“The Tuberculosis Vaccine: A Possible Solution to Eradicate the Most Devastating Scourge in History, says Carlos Martin”

We have never sought economic benefit. The condition of the University of Zaragoza and the Galician company Biofabri is that the MTBVAC be universal, affordable and easy to distribute to the whole world. It will be a historical milestone that can eradicate a disease that is the worst scourge in history, the one that has caused the most deaths. More than a billion are estimated.

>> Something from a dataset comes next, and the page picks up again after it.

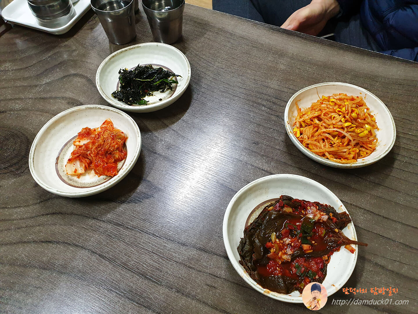 자리에는 반찬이 준비되어 있는데 파래무침이랑 배추김치, 콩나물 무침과 깻잎 장아찌까지.
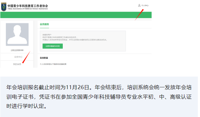 为拓宽教师的参培渠道,提高教师科学素养,促进科技教育高质量发展,注册参加2023中国青少年科技教育工作者协会年会活动将计入12个培训学时,可以作为参加各级科技辅导员认证的培训学时。 已经注册年会成功的老师,可于2023年11月22日后使用注册购票的手机号登录协会网站-个人中心-我的消息中查看年会培训报名链接及邀请码。 培训证书 截止时间:11月26日 年会活动日程 11月24日 星期五 11月25日 星期六 相关链接 联系方式 中国青少年科技教育工作者协会 张春英:010-68516005 conference@cacsi.org.cn 天津科学技术馆 马瑞:022-28322421 13370315925 网站技术支持及购票咨询 13641258182

One hundred percent Spanish vaccine.

It is a Spanish university that has built it and the industrial and clinical development is carried out with the help of another Spanish company. If we now obtain Spanish financing, apart from the European one, it will be a vaccine built, produced and developed throughout the process with Spanish funds.

And you are the leader.

The dad (hehehehe). We started working in 1987, when I arrived at the Pasteur Institute in Paris. Then I returned to Zaragoza in 1992 and we began to work on multiresistant tuberculosis. From there we described the virulence genes and built a human-derived vaccine strain.

What phase is it in?

At the end of last year we started phase 3 of efficacy in babies, which is the last step, in several centers in South Africa, Madagascar and Senegal. Phase 1 was from 2012 to 2015 in Switzerland, with volunteers between 18 and 45 years old. And from 2015 it was tested in South Africa, in adults and newborns. Phase 2 was in South Africa, Madagascar and Senegal, also with a European project, and from there the efficacy dose was selected, which is the one being used in phase 3, which is the last.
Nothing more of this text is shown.